§ Record set
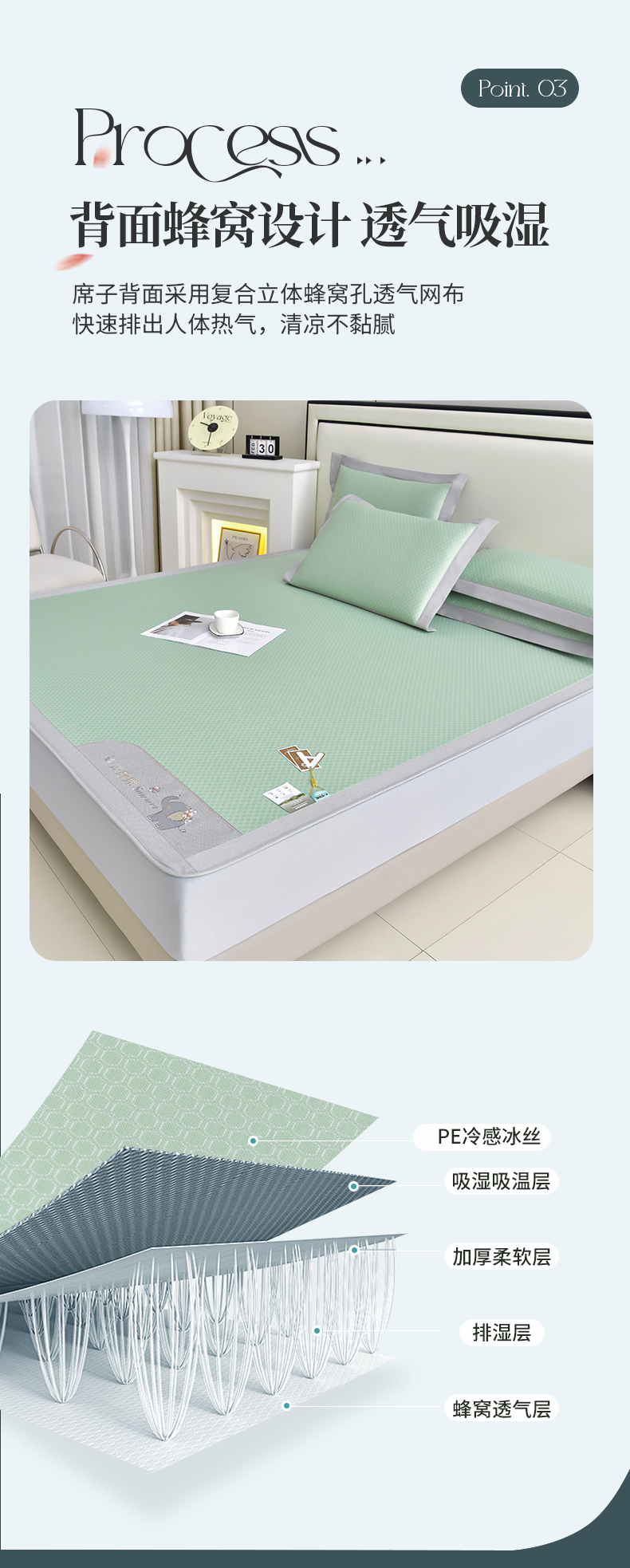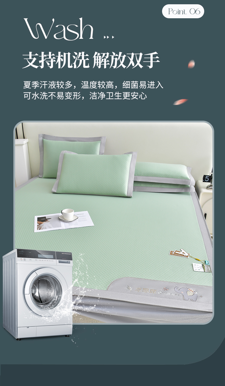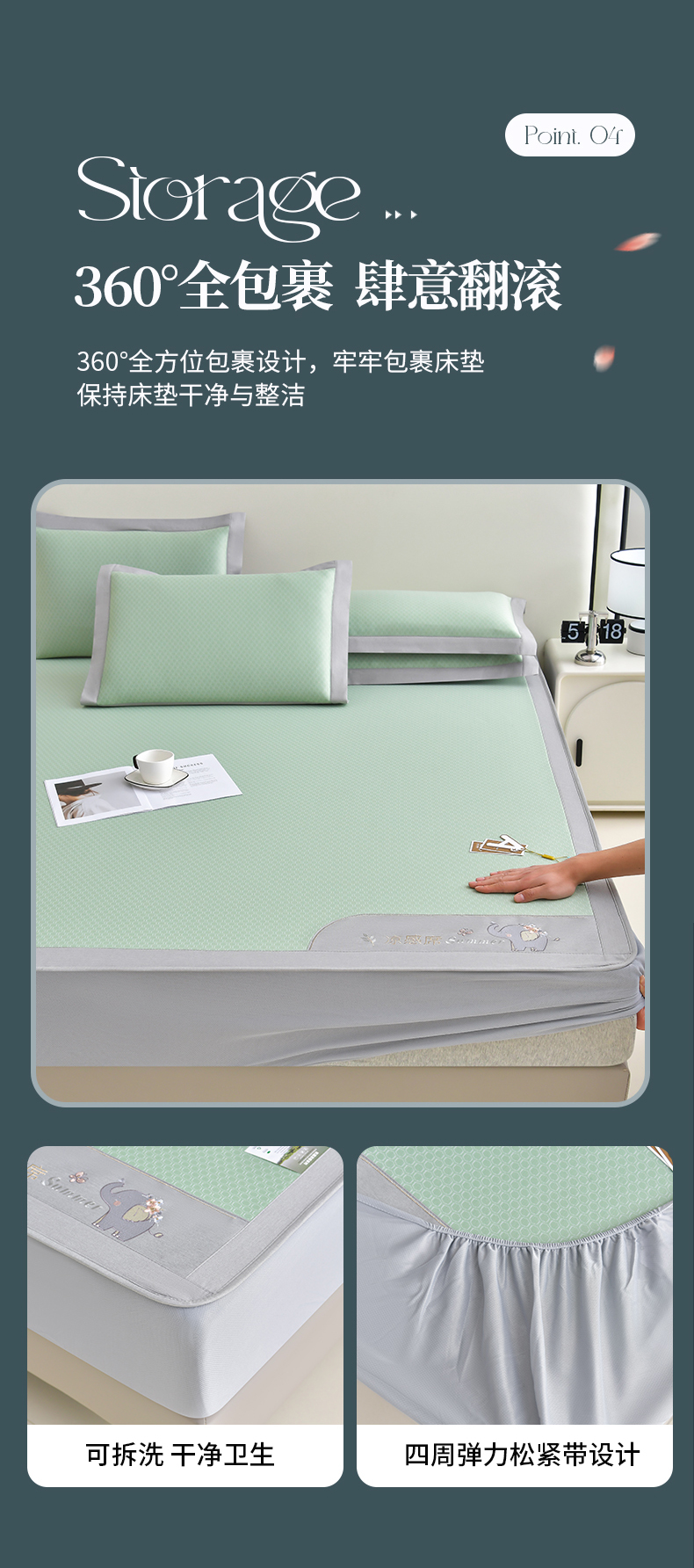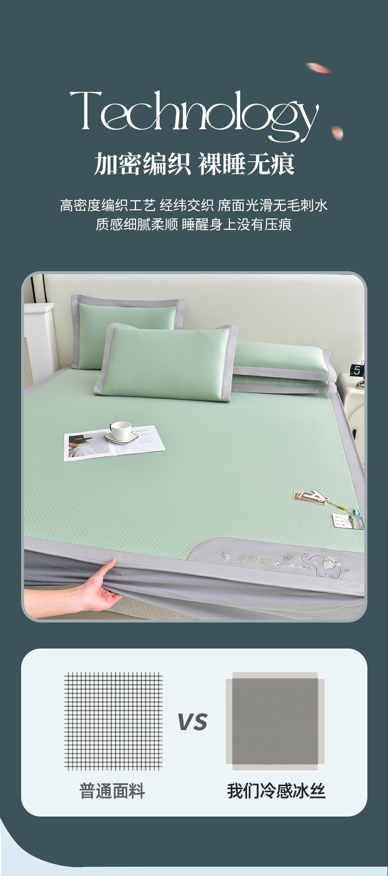 商品名称:小牛席业 2026新款小冰块大象凉感冰丝席(床笠款)凉席竹席藤席冰藤席乳胶席豆豆席 绿色
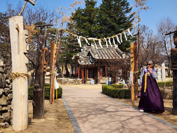 As I walk (limp? foot bothers me, ugh) closer to the village the environment progressively changes. I start seeing people in traditional costumes which at first is puzzling but cool.
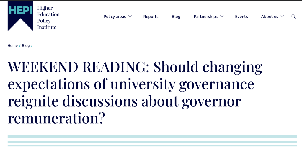 I was pleased to have this piece on a quite specific area of university governance published by HEPI. The article, which I wrote together with Smita Jamdar, Partner and Head of Education at Shakespeare Martineau, covers the thorny issue of governor remuneration.
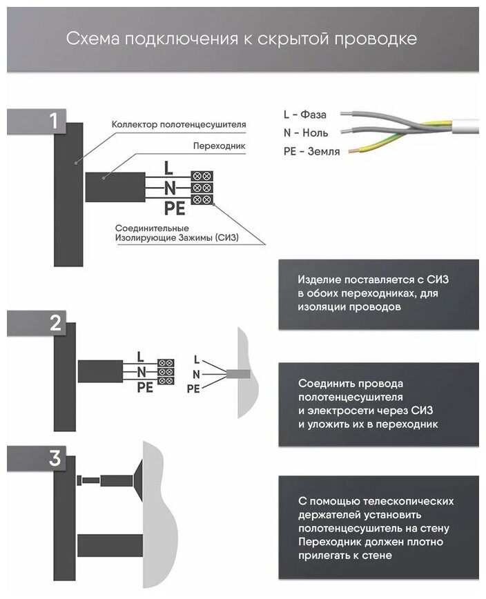 | Подключение | скрытое электрическое соединение, электропровод с вилкой |
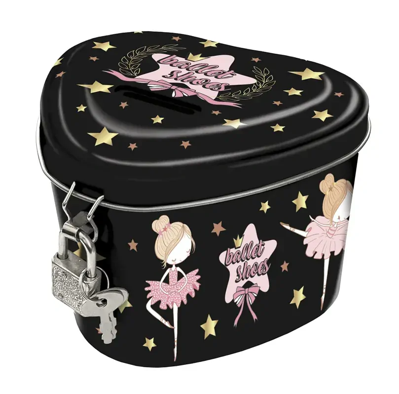 Pokladnička pro děti s motivem baletky, plechová, odolná, ve tvaru srdce s ozdobným potiskem, se zámkem a 2 klíčky. Uzamykatelné víko udrží vaše úspory každý den v bezpečí. Vhodná pro děti od 3 let.
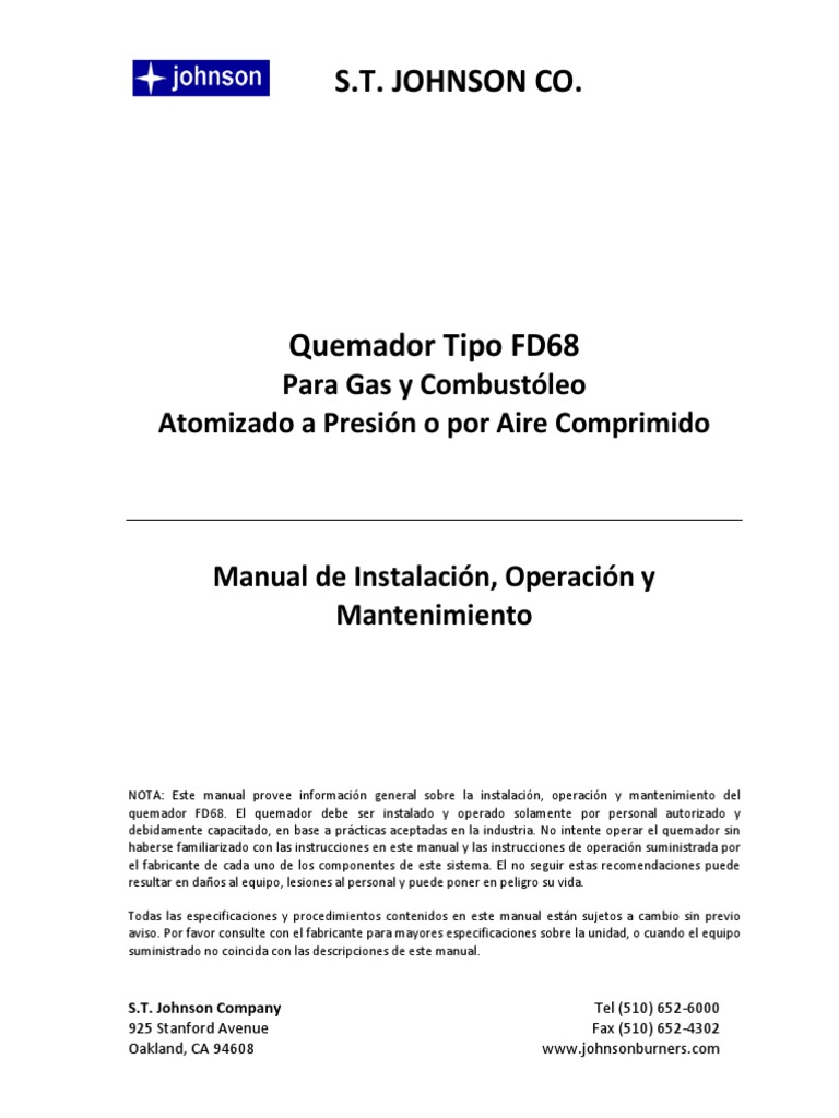 type fd68 gas, pressure and air atomizing oil burners installation, operation, and maintenance instruction manual notice:. Modulating control system based 2. Integral forced draft blower, odp motor 3. Atomizado a presión o por aire comprimido. Johnson offers a complete product line. all fd68 burners include: este manual proporciona instrucciones para la instalación, operación y mantenimiento de un quemador tipo fd68 que quema gas o.

§ Task objective
Beginning with the line that holds "Pokladnička pro děti" and continuing to the end of the entries above, set down each line exactly, both ends included; include no pictures.

§ Result below
 Pokladnička pro děti s motivem baletky, plechová, odolná, ve tvaru srdce s ozdobným potiskem, se zámkem a 2 klíčky. Uzamykatelné víko udrží vaše úspory každý den v bezpečí. Vhodná pro děti od 3 let.
 type fd68 gas, pressure and air atomizing oil burners installation, operation, and maintenance instruction manual notice:. Modulating control system based 2. Integral forced draft blower, odp motor 3. Atomizado a presión o por aire comprimido. Johnson offers a complete product line. all fd68 burners include: este manual proporciona instrucciones para la instalación, operación y mantenimiento de un quemador tipo fd68 que quema gas o.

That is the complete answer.